Quando alguém considera produzir materiais por uma inteligência artificial, na verdade, o movimento é de redução de custos associados à educação. Indo além: com pouco dinheiro, a prioridade deixa de ser a educação. O movimento de desvalorização não é muito diferente de pensar que o aluno vai aprender somente com o material, já que se desconsidera que há um profissional apto a realizar o trabalho entre o livro e o estudante. Material nenhum ensina os alunos sozinhos, pode ser o melhor dos sistemas de ensino. Experimente dar um livro didático a uma criança ou adolescente comum e depois questioná-lo sobre um determinado assunto. No máximo, umas “decorebas”. Entretanto, essa é apenas a ponta de um grande iceberg.

Essa lógica de diminuir os profissionais é, portanto, estrutural. Ela nos atravessa “sem querer querendo” quando não estamos atentos às nossas falas. Que professora nunca ouviu em uma reunião de paz o clássico “mas a senhora trabalha ou só dá aulas?”. Vou além mais uma vez: existem outros tantos profissionais quando falamos de sistema educacional no mundo.

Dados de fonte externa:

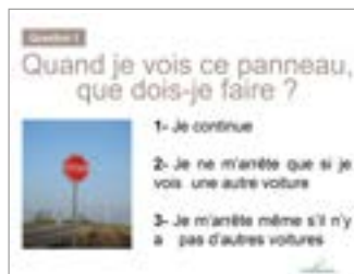
Cliquer sur > Diaporama jeu code de la route

Des outils téléchargeables sur la plateforme (cahier d'échanges, règles de vie en pictos, tableau de présence éducative...) facilitent le quotidien et la communication des personnes accompagnées, et le travail des encadrants. Un gain de temps indéniable pour les aidants, une variété appréciée par les usagers.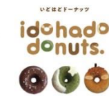
【ドーナツ販売】 いどほどドーナッツ

～移動して波動を送る～ をキーワードに、移動販売からスタートして、ドーナツ店がこの春弥生町にオープン！今回は、原点である移動スタイルでHakoBAに限定登場です。 素材にこだわった毎日食べたいおやつドーナッツを作っています。 ドーナツ、一つ一つに名前があり、意識を持った生き物のように波動をお届けします。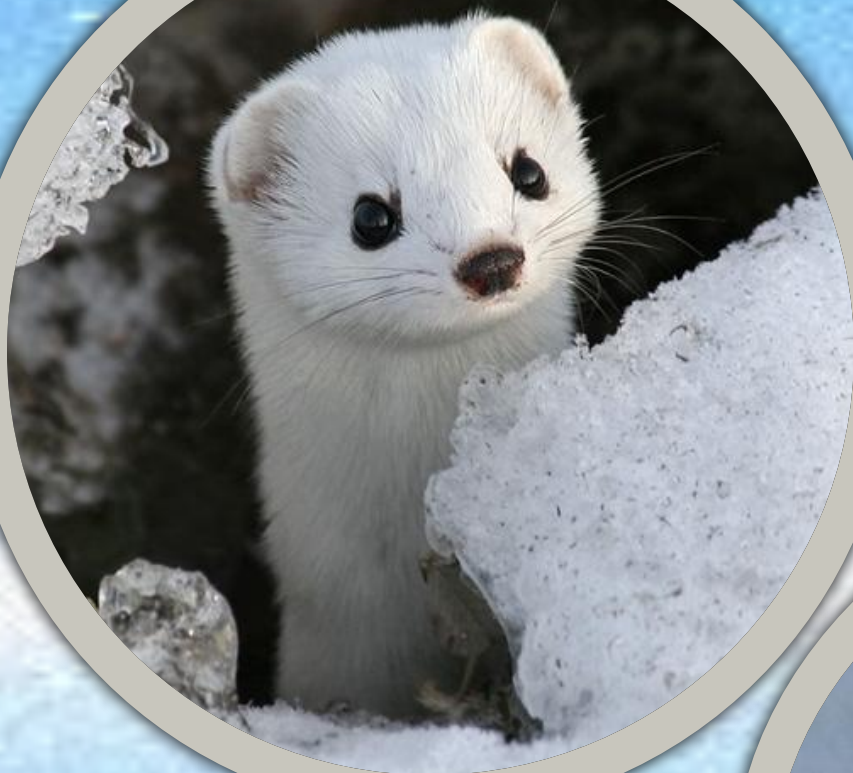
Ласка самый маленький хищный зверёк

Chamados, às vezes, de “estudantes profissionais”, há pessoas que se dedicam a um assunto a ponto de pesquisá-lo como carreira, para posteriormente, ensinar outros interessados na faculdade. É a pós-graduação, que no Brasil, não é uma profissão. Esses acadêmicos vivem de bolsas e auxílios, sem carreira regulamentada pela CLT e, logo, sem direitos trabalhistas. Já fui uma e convivi com muitos que compartilham da experiência familiar de ouvir que seu primo mais novo já ganha mais que você sem terminar os estudos. E ainda dá para piorar. Depois de 12 a 15 anos pesquisando um assunto, eles não são ouvidos. Você já deve ter visto um filme de ficção científica em que um pesquisador é ignorado após descobrir uma futura catástrofe. E aconteceu de novo. A tragédia no Rio Grande do Sul foi avisada por muitos pesquisadores da Universidade Federal de Santa Catarina. Mas a voz da educação nunca é ouvida, nunca parece prioridade, nunca tem valor. Da pré-escola ao doutorado. Da professora ao acadêmico. Somos todos atravessados por essa lógica.